Hash tags, trending and Stephen Fry all meant absolutely nothing to me. Ignorance truly was bliss.
My days weren’t spent trying to reduce the minefield of randomness that is my brain into 140 characters.
I didn’t go around saying things like #internstrikesagain out loud! And I wasn’t reminded on an hourly basis what someone I have no interest in thinks about something I have no interest in.
However, that’s all changed, for now I am one of the 140 million active users of Twitter.
Sing it loud, sing it proud! My name is Mark and I AM a twitterer… a tweeter?… a twot? (Note to self: find out what the noun for someone who tweets is, maybe I can tweet about it.)
Ignorance is bliss?
There are, however, redeeming features to being constantly plugged into the likes of Piers Morgan’s stream of consciousness. Twitter, whatever disparaging remarks I make about it, is a fantastic way to stay atop breaking news.
One example is the military coup in Mali just over a month ago. Twitter went into overdrive and it was fascinating to read instantaneously what people in Mali were seeing, hearing and ultimately thinking about the situation as it unfolded.
Another reason for championing social media is that it isn’t a slave to demographics, target audiences and general ideas about what is considered newsworthy.
Granted this can mean receiving periodic tweets concerning the health of my ex-girlfriend’s cat but it can also give an insight into what are otherwise largely forgotten or hidden emergencies.

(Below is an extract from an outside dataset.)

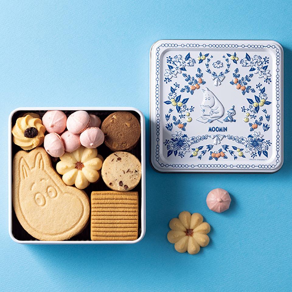 ムーミンのフェイス型クッキーとアソートクッキーを詰合せ。食べ終わった後は小物入れに。

Nowhere is this more evident than with the ongoing crisis in Khyber Agency, Pakistan.
Since January, escalating military operations have resulted in over 250,000 people fleeing to Peshawar and the surrounding areas. This number could rise to as much as 600,000 people if military operations continue.
Despite the huge numbers involved, media coverage has been practically nonexistent.

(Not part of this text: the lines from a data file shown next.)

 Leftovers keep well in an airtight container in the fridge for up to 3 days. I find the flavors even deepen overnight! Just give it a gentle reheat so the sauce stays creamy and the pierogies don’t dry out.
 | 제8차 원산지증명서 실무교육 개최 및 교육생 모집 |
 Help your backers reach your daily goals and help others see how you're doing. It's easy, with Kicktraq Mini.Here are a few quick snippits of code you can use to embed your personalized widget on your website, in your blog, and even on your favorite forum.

Of those IDPs (internally displaced people), an astonishing 115,000 are children who haven’t registered as IDPs at the only refugee camp in Jalozai, located some 30km from Peshawar.

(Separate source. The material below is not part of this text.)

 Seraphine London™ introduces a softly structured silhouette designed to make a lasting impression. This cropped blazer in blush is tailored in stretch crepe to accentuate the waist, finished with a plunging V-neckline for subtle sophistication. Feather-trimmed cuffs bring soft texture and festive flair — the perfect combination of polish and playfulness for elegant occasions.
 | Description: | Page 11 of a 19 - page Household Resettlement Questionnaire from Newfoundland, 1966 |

This means they have no access to the health, shelter and hygiene services run by humanitarian agencies within the camp.
Education in emergencies
As with humanitarian aid, schools established in response to the influx of IDPs are almost solely located within Jalozai and as such are only available to children living in the camp.
As a result, approximately 83,000 unregistered children have been unable to resume their studies.
This number doesn’t even factor in that many registered children are actually living off-camp, or the fact that the conflict shows no signs of abating.
Returning to school is critical in providing children a sense of normalcy, a safe place to go during the day and access to psychosocial support.
We’re actively targeting children outside the camps in Peshawar, where the highest concentration of IDPs are.
To date, we’ve set up 12 child-friendly spaces (CFS) and 13 temporary learning centres (TLC); reaching over 4,000 children in the area.
These spaces are providing displaced children with both stability and structure during the crisis.
Unfortunately, without greater awareness and advocacy efforts from the international community the plight of thousands of IDPs will continue to go almost entirely unnoticed.
Bringing this blog almost full circle I’d like to share a tweet I came across this morning:
@sskakakhel: “Thousands of families continue to flee #Khyber Agency as more people are killed. Why are we so silent?”